Living life in recovery, where bouncing back from addiction must start with a sincere willingness to heal, isn’t easy. Building a strong support system of family and friends can help the recovery process, however regaining your identity involves your individual willingness to heal.

The Will to Heal.
Having the will or the drive to heal might sound easy to achieve, but it’s truly not.
Unhealthy patterns brought on by addiction robs us of our integrity, dependability, our jobs, our spouses, and our friends. But sometimes we are not willing to give up are bad habits in order to get better. Even when we really want to get better.

Tips for Cultivating Willingness to Heal
Mindset plays a key role in Recovery. At the moment, you might not be completely willing to give up your addiction or the different character flaws associated with it, but turning to religion or your spirituality can help you let it go. Letting go of anything that is preventing you from experiencing happiness, peace and freedom will bring you a step closer to where you want to be.

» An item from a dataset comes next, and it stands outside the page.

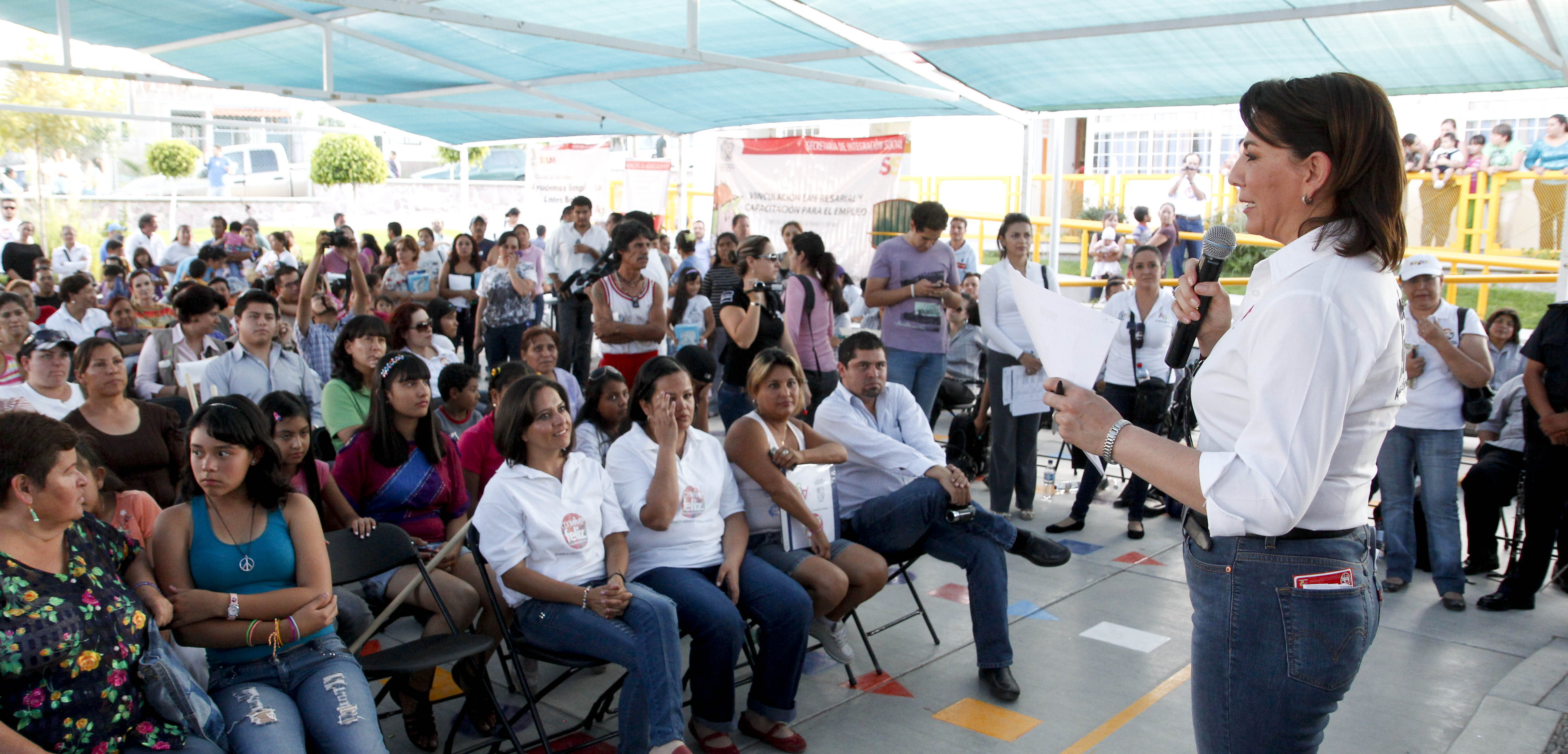 Lorena Martínez, alcaldesa de Aguascalientes, encabezó las actividades de arranque del programa “Convivencia y Seguridad Ciudadana” en la colonia Villas de Nuestra Señora de la Asunción, sector Alameda, a fin de consolidar la estrategia de recomposición del tejido social en esta zona de la capital, donde se instalaron diferentes talleres y mesas de trabajo realizadas en base al modelo de acupuntura urbana. Posteriormente, la alcaldesa y su equipo de trabajo se trasladaron al parque “Villas de Nuestra Señora de la Asunción N° 3” para realizar un recorrido de supervisión de las obras de rehabilitación, con lo que se dignificó este espacio mediante la instalación de cuatro cisternas, la sustitución de luminarias, reparación y pintura de 12 mil metros lineales de guarnición, podas de altura y de raíz, así como limpia y desmalezado en las áreas verdes de la colonia, además de la construcción de un muro e instalación de malla protectora en las canchas de futbol, así como 2 mil metros cuadrados de bacheo

Enrich your life with positivity. Change the way you think to change what you desire. Dropping negative habits can transform into replacing them with positive habits. Pick up hobbies and habits that add to your physical and spiritual being. Whether it be book club, painting, playing sports, or even volunteering in the community.

One day at a time. This saying may getting repetitive, but it fits life in recovery too well not to be. Sobriety is a lifelong process, but can seem overwhelming especially to those new to it. So, repeating the process day by day is easier to handle than looking down a never ending path.

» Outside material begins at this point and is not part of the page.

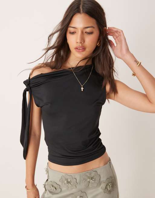 Pimkie - Top van gladde stof met blote schouder met strik en gedrapeerd detail in zwart

Reconnect with your integrity. As stated by the Oxford Dictionary, integrity falls under two senses:

  • The quality of being honest; Having strong moral principles
  • The state of being whole and undivided.

Integrity is something that majority of us want, in both ourselves and in our leaders. Integrity doesn’t necessarily equate to moral flawlessness. After all, we are human and we make mistakes. But owning up to our mistakes can keep our integrity intact.

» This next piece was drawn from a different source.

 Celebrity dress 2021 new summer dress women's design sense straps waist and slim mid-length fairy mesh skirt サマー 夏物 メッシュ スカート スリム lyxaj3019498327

Tips for Building Integrity

  1. Write it out. Try journaling to write out when you’re being totally honest, as well as when you’ve made mistakes.
  2.  Get to know at least ONE person in your social circle whom embodies integrity. This person could be a spiritual mentor or sponsor. Whoever you chose should be a person who has undoubtedly earned the right to listen to your story.
  3. Read books about integrity.


Addiction may be a thief, but you are capable of doing something about it. Take your life back. It’s up to you to be willing to get help and make the appropriate changes to find yourself again.